_What this task involves:_ Only one span is wanted from the lines below: from the one with "背面の首元にはUmbroとKilla Villaのダブルネームをデザイン。" up to and including the one with "ev17:А 132 и". Copy it exactly, without images.

_Source material:_

-- Opening Marker --

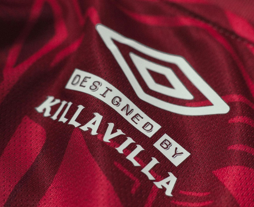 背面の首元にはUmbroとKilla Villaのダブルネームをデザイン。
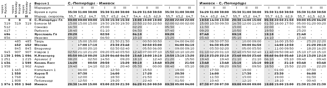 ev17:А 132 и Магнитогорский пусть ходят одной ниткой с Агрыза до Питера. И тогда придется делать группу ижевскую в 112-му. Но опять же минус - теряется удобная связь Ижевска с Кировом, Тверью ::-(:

-- Closing Marker --
-- Opening Marker --

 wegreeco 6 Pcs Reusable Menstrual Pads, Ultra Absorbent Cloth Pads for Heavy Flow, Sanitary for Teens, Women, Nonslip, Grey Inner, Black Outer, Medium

-- Closing Marker --
-- Opening Marker --

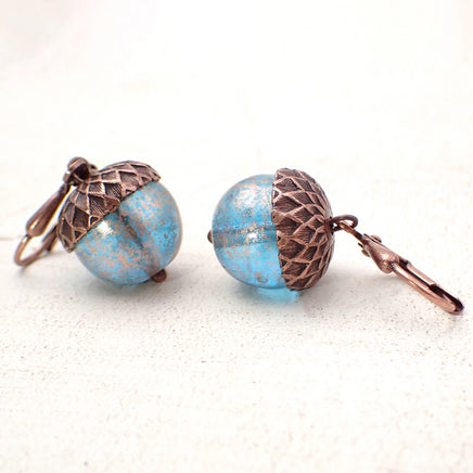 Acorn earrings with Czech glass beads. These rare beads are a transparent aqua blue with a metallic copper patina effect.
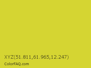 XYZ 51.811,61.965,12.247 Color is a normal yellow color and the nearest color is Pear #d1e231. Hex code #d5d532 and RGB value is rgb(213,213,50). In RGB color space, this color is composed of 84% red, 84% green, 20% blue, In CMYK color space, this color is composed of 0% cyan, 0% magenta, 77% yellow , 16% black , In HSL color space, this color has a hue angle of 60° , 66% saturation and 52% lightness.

-- Closing Marker --

_Solution for this problem:_
 背面の首元にはUmbroとKilla Villaのダブルネームをデザイン。
 ev17:А 132 и Магнитогорский пусть ходят одной ниткой с Агрыза до Питера. И тогда придется делать группу ижевскую в 112-му. Но опять же минус - теряется удобная связь Ижевска с Кировом, Тверью ::-(:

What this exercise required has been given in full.